Reproduce exactly the lines from the start of the records through the line containing "OK AOM – PEGUNUNGAN", both included. Leave the pictures out.

GIVEN DATA START

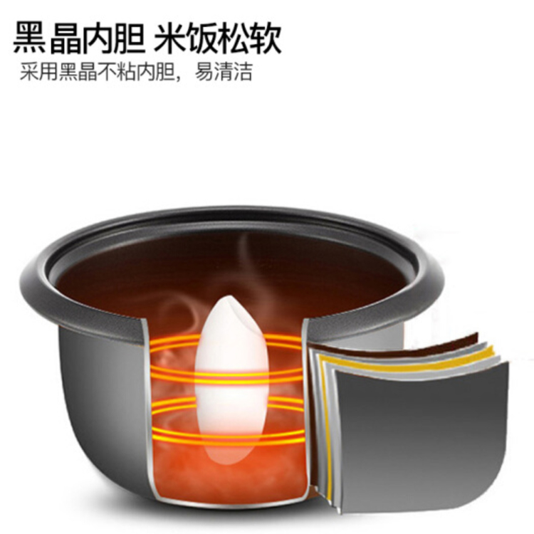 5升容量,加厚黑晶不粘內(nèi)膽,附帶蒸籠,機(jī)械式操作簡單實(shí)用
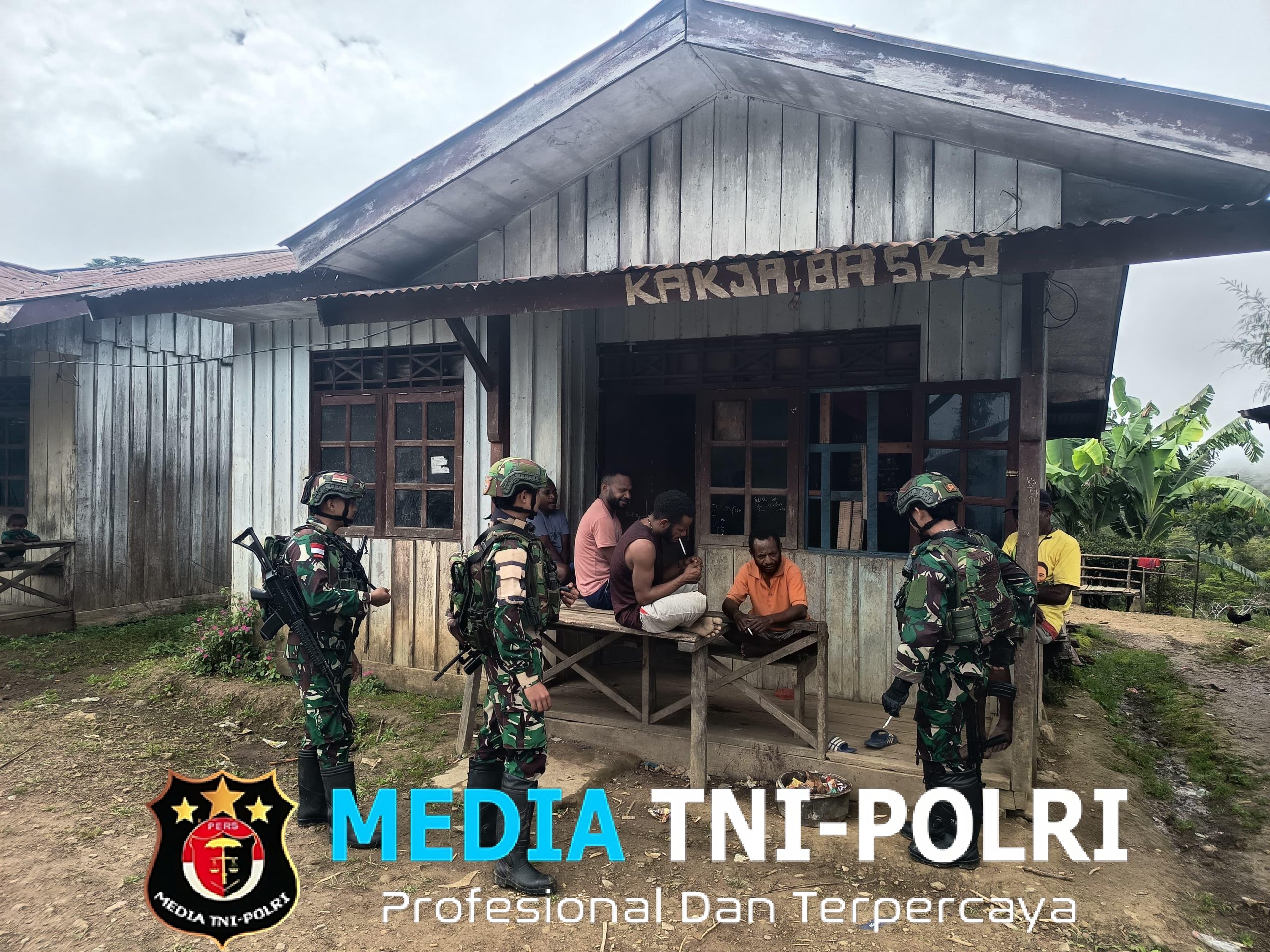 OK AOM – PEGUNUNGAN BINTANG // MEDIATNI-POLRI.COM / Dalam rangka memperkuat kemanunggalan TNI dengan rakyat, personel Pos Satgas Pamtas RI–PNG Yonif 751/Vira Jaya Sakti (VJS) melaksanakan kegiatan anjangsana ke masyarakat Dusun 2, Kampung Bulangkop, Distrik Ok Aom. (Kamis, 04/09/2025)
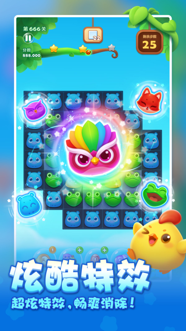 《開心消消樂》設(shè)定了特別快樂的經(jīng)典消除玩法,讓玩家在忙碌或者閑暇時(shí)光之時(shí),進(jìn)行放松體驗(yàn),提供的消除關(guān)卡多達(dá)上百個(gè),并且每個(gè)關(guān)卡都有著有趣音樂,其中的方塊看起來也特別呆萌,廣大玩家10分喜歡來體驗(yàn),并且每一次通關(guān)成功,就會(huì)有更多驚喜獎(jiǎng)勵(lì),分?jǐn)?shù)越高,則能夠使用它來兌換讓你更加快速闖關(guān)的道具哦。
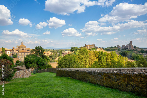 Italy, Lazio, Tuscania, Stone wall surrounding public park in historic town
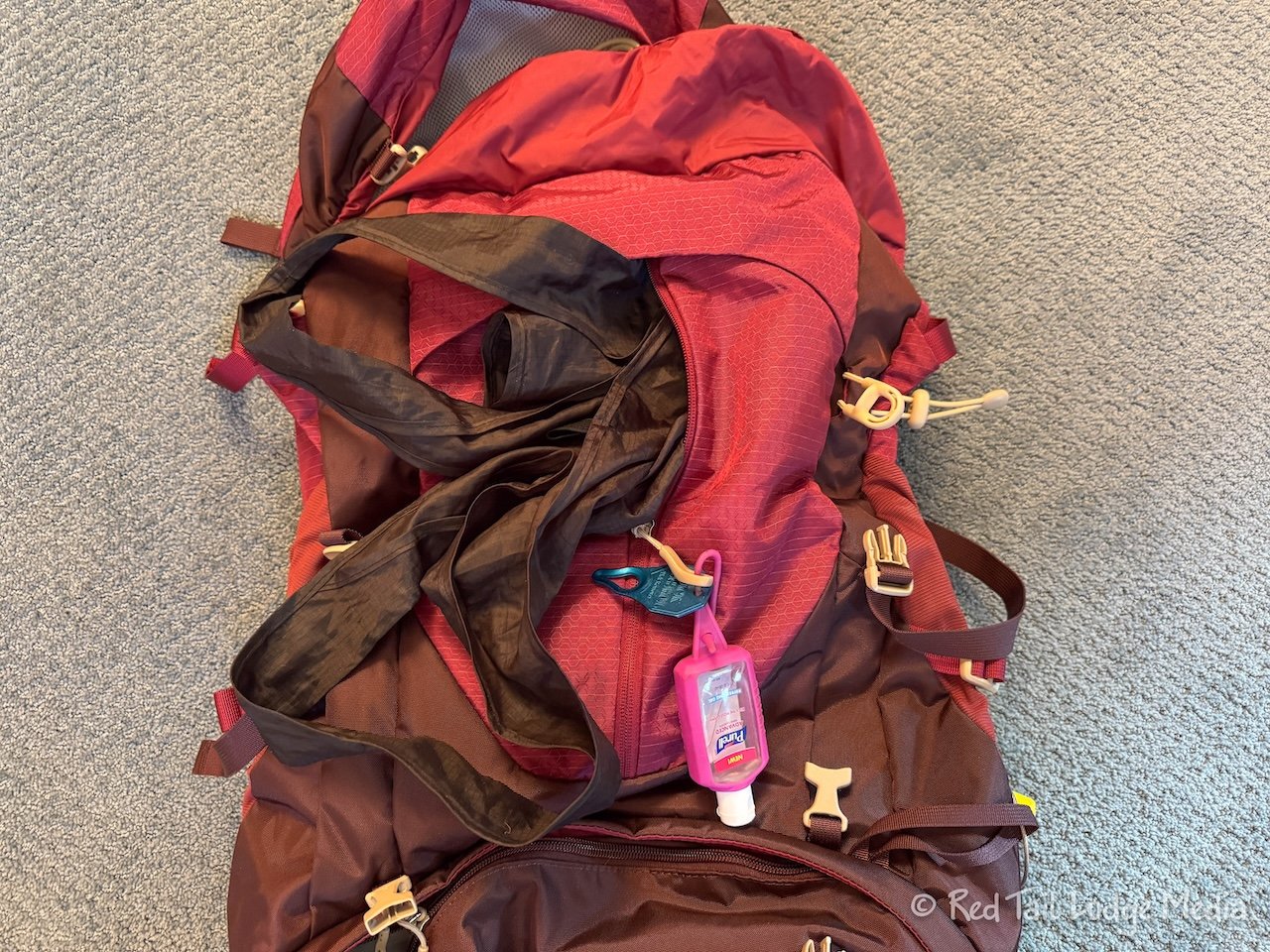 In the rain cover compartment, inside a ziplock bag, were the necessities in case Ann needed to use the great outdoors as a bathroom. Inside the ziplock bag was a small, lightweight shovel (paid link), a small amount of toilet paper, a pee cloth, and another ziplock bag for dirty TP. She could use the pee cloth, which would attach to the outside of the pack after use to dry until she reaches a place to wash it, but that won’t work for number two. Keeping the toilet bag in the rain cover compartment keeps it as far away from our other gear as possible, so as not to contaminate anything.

GIVEN DATA END

• _YOUR SOLUTION_:
 5升容量,加厚黑晶不粘內(nèi)膽,附帶蒸籠,機(jī)械式操作簡單實(shí)用
 OK AOM – PEGUNUNGAN BINTANG // MEDIATNI-POLRI.COM / Dalam rangka memperkuat kemanunggalan TNI dengan rakyat, personel Pos Satgas Pamtas RI–PNG Yonif 751/Vira Jaya Sakti (VJS) melaksanakan kegiatan anjangsana ke masyarakat Dusun 2, Kampung Bulangkop, Distrik Ok Aom. (Kamis, 04/09/2025)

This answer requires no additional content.